What you need to do: Would you return the data exactly as given, except for its pictures?

Supplied material:
══════════

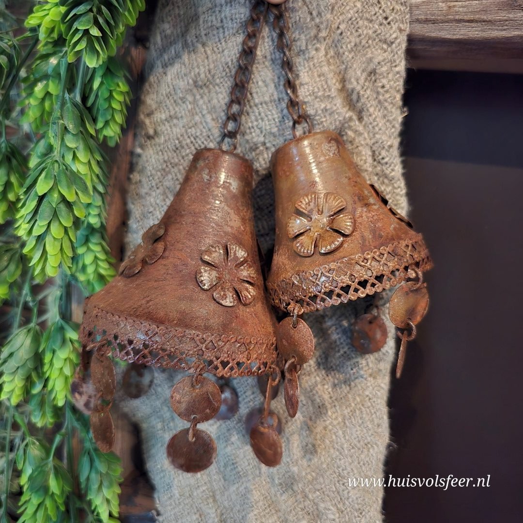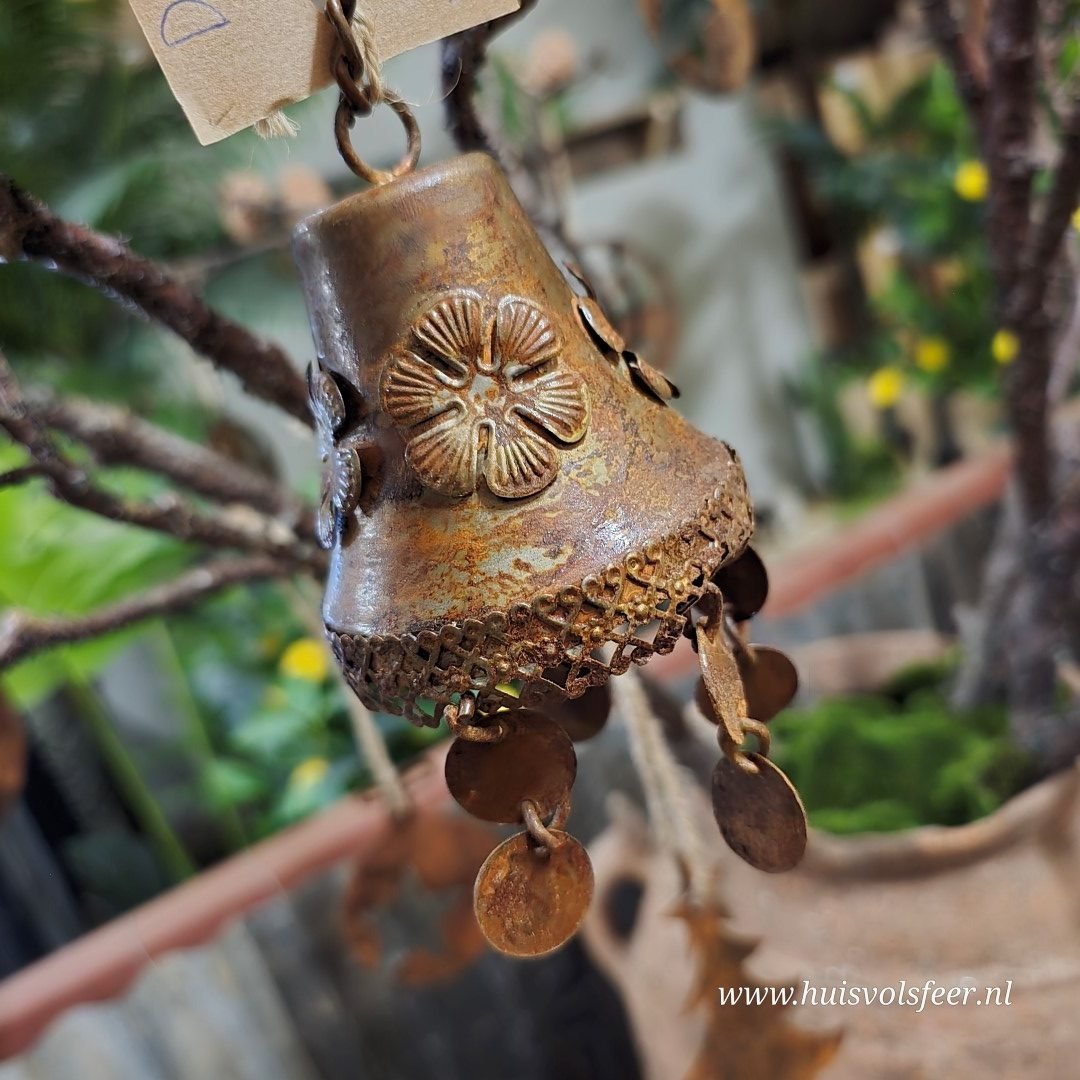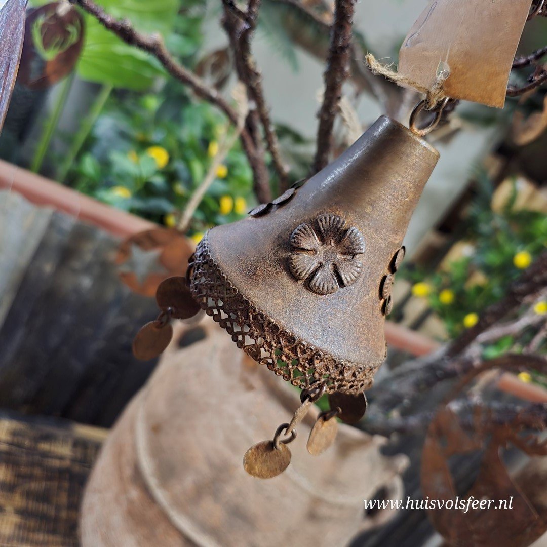 *Bijzonderheden: handgemaakt – iedere bel is uniek. Kleine oneffenheden, variaties in roestkleur en afwerking horen bij het ambachtelijke karakter en geven dit decoratieve item extra charme.
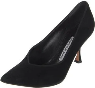 Manolo Blahnik Suede Pumps Black Semi-Pointed Toes Fit: This style typically runs narrow and a half size small. Read more
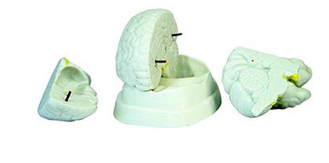 腦解剖模型展示了腦的整體概念,以及大腦、小腦和腦干之間的相互關系。自然大,分成3件,置于塑料座上。

══════════

Response area:
 *Bijzonderheden: handgemaakt – iedere bel is uniek. Kleine oneffenheden, variaties in roestkleur en afwerking horen bij het ambachtelijke karakter en geven dit decoratieve item extra charme.
 Manolo Blahnik Suede Pumps Black Semi-Pointed Toes Fit: This style typically runs narrow and a half size small. Read more
 腦解剖模型展示了腦的整體概念,以及大腦、小腦和腦干之間的相互關系。自然大,分成3件,置于塑料座上。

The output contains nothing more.